For instance, you might wish to create a macro which accepts a format string and associated arguments, which will call fprintf() when the program has been compiled to produce debugging information, but which will do nothing when compiled for production. But this is rather awkward. You could write one to be invoked like so:
MYDEBUGF((format‐string, arg1, arg2, …));
since everything within the inner parens would be considered a single argument, but this is undesirable since it doesn’t look like a function call anymore, and sticks out like a sore thumb.
C99 has added the ability to define function‐like macros which can accept a variable number of arguments. These can be defined by placing ... as the final parameter to the macro.
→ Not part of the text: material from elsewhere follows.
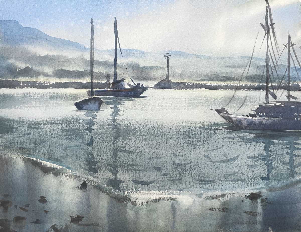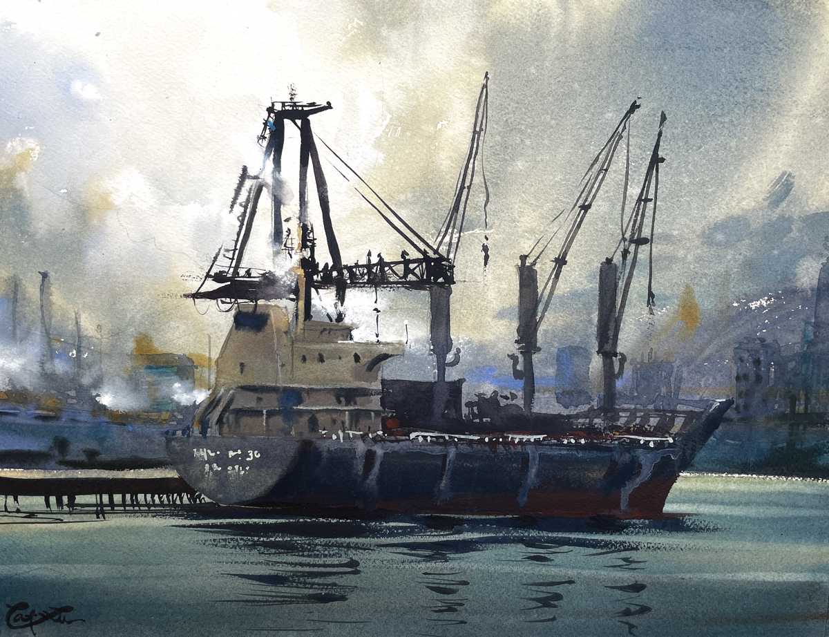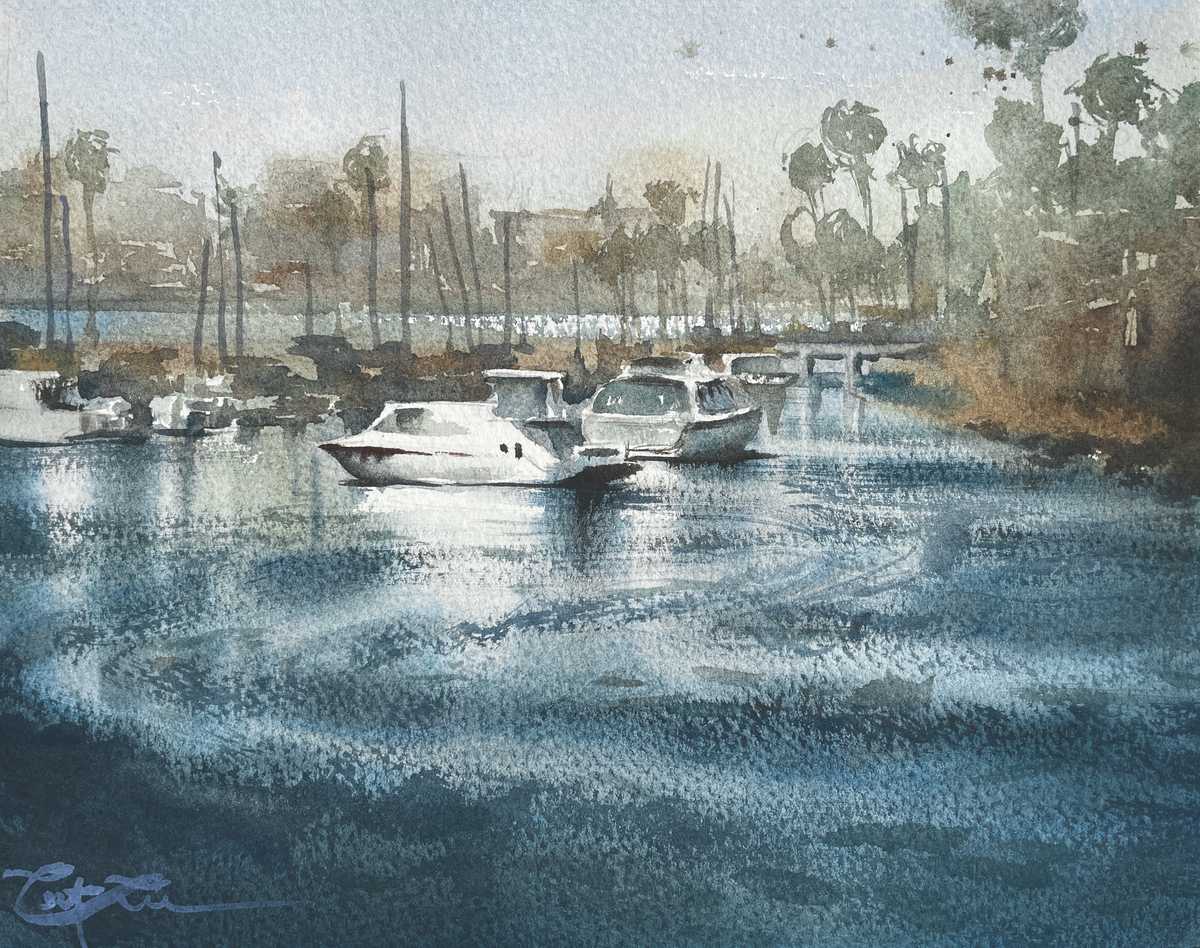 "A particularly light touch and confidence are asked of the watercolorist. Cathy Xu excels in these virtues. Her 'Saluting the Hornet' is a deft symphony of neutral colors side by side describing the intricate ins and outs of the ship's structure." -Karen Braun Malpas in press coverage of the 20th annual Frank Bette Plein Air Paintout

They are accessible within the macro’s replacement list by the special identifier __VA_ARGS__, which will be replaced with the trailing parameters to the macro, including the commas.
So, for example, you can now write a more comfortable debug macro which might be defined like:
#define STR(x) #x #if DEBUG_MODE # define MYSECRETDEBUGF(format, file, line, ...) \ fprintf(stderr, file ", line " STR(line) ", %s: " \ format "\n", __func__, __VA_ARGS__) # define MYDEBUGF(format, ...) MYSECRETDEBUGF(format, __FILE__, \ __LINE__, __VA_ARGS__) #else # define MYDEBUGF(...) // Do nothing. #endif
If you invoked the MYDEBUF macro as follows (on, say, line 53 of vamacex.c):
MYDEBUGF("foo's value is %d; bar's is %d.", foo, bar);
it would be expanded to:
fprintf(strerr, "vamacex.c" ", line " "53" ", %s(): " "foo's value is %d; bar's is %d." "\n", __func__, foo, bar);
(Or, after string literal concatenation:)
fprintf(strerr, "vamacex.c, line 53, %s(): foo's value is %d; " "bar's is %d.\n", __func__, foo, bar);
Which, if debugging is on, might produce something like the following:
vamacex.c, line 53, testfubar(): foo's value is 19, bar's is -4395.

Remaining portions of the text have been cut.